[[ Dataset records open ]]

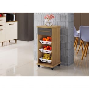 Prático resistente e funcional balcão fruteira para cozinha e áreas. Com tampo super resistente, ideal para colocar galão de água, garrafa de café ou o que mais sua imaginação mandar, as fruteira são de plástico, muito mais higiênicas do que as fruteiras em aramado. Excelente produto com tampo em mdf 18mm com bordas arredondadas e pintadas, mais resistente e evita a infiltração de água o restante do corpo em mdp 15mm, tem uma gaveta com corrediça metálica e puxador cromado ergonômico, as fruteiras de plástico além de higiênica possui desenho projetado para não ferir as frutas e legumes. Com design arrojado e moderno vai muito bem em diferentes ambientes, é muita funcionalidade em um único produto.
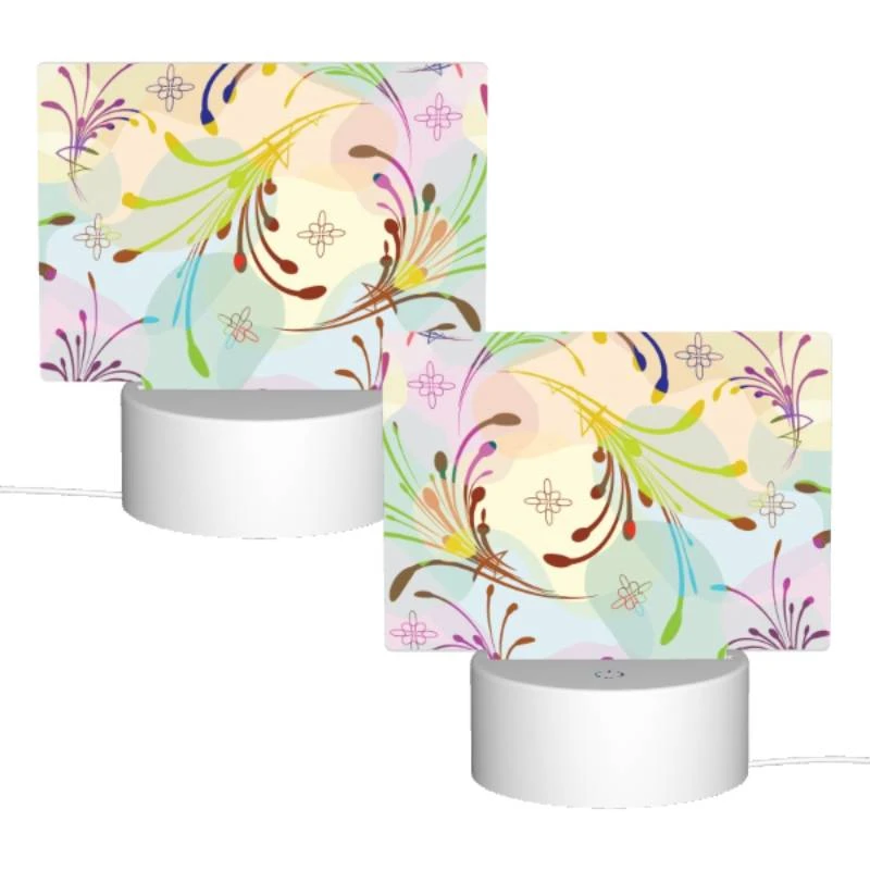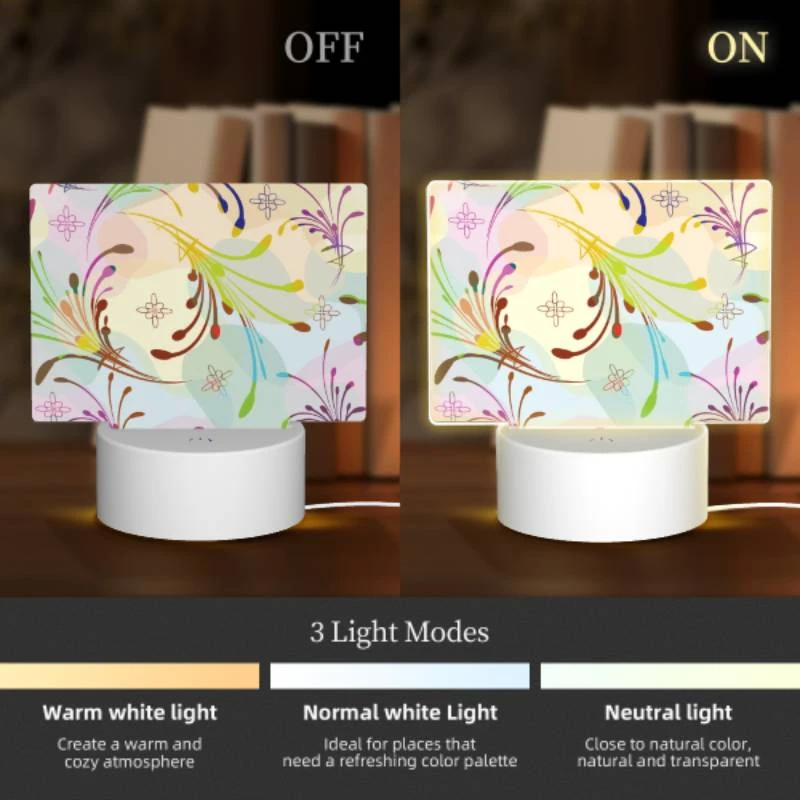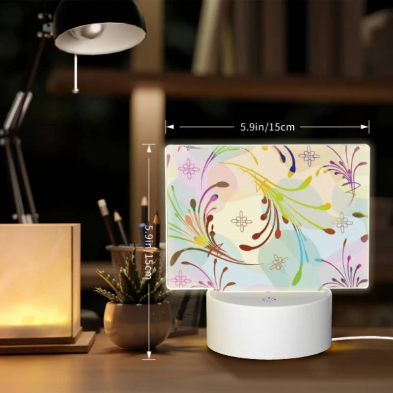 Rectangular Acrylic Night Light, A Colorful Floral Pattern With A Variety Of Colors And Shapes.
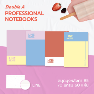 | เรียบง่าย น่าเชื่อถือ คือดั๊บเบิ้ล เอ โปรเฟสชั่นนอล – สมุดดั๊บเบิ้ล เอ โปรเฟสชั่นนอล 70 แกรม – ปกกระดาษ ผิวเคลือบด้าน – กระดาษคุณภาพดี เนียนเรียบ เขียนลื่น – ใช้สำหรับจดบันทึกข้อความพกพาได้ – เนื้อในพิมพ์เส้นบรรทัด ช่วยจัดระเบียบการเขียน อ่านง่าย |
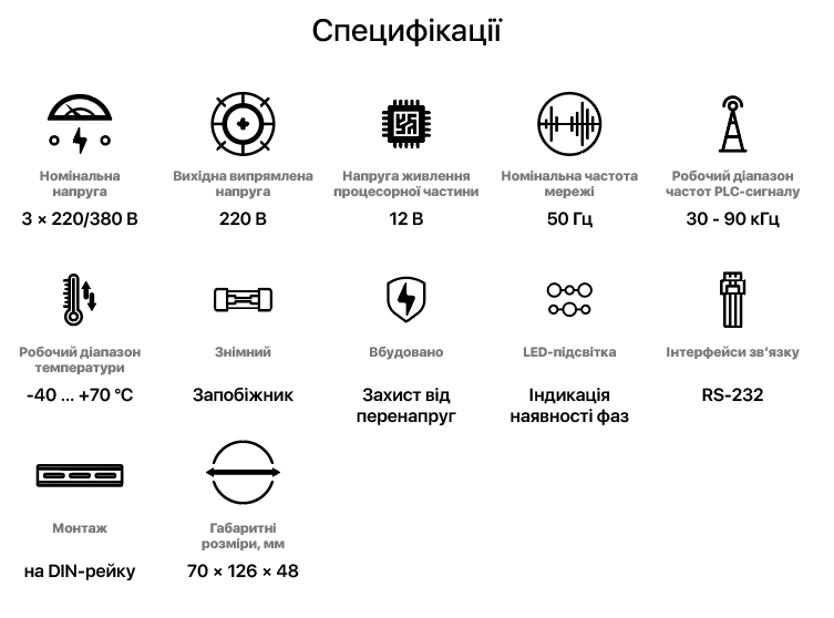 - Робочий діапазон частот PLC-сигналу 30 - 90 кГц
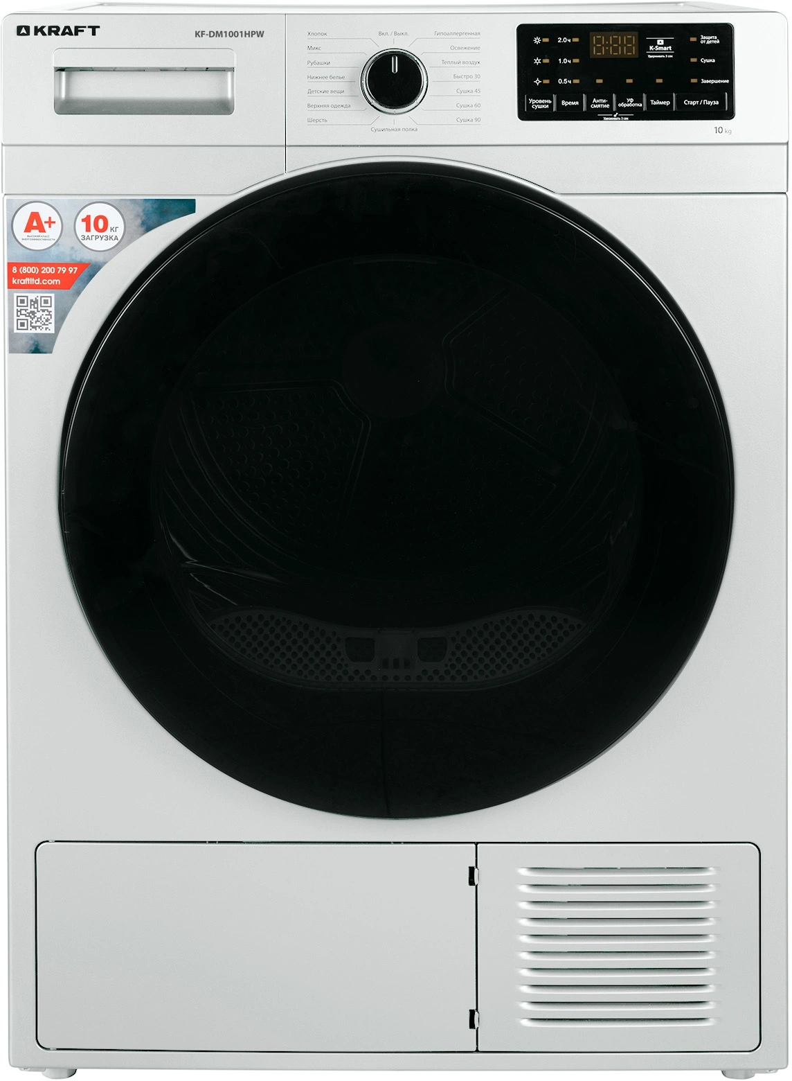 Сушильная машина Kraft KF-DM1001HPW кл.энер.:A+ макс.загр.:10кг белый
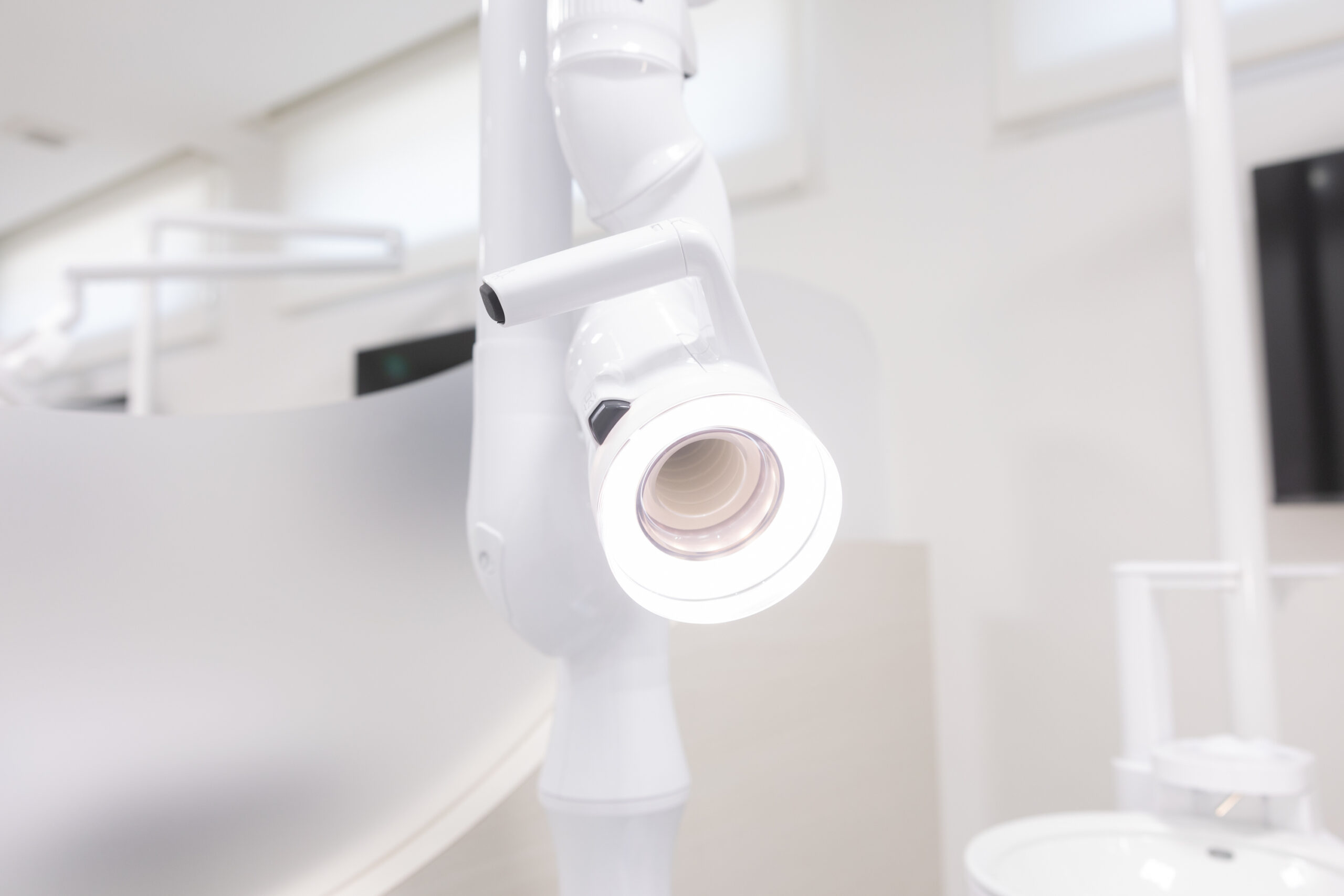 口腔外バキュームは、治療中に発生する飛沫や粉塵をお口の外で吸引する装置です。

[[ Dataset records closed ]]

**What the exercise asks**
Return each line of the data, keeping its wording exact and omitting pictures.

**Expected output**
 Prático resistente e funcional balcão fruteira para cozinha e áreas. Com tampo super resistente, ideal para colocar galão de água, garrafa de café ou o que mais sua imaginação mandar, as fruteira são de plástico, muito mais higiênicas do que as fruteiras em aramado. Excelente produto com tampo em mdf 18mm com bordas arredondadas e pintadas, mais resistente e evita a infiltração de água o restante do corpo em mdp 15mm, tem uma gaveta com corrediça metálica e puxador cromado ergonômico, as fruteiras de plástico além de higiênica possui desenho projetado para não ferir as frutas e legumes. Com design arrojado e moderno vai muito bem em diferentes ambientes, é muita funcionalidade em um único produto.
 Rectangular Acrylic Night Light, A Colorful Floral Pattern With A Variety Of Colors And Shapes.
 | เรียบง่าย น่าเชื่อถือ คือดั๊บเบิ้ล เอ โปรเฟสชั่นนอล – สมุดดั๊บเบิ้ล เอ โปรเฟสชั่นนอล 70 แกรม – ปกกระดาษ ผิวเคลือบด้าน – กระดาษคุณภาพดี เนียนเรียบ เขียนลื่น – ใช้สำหรับจดบันทึกข้อความพกพาได้ – เนื้อในพิมพ์เส้นบรรทัด ช่วยจัดระเบียบการเขียน อ่านง่าย |
 - Робочий діапазон частот PLC-сигналу 30 - 90 кГц
 Сушильная машина Kraft KF-DM1001HPW кл.энер.:A+ макс.загр.:10кг белый
 口腔外バキュームは、治療中に発生する飛沫や粉塵をお口の外で吸引する装置です。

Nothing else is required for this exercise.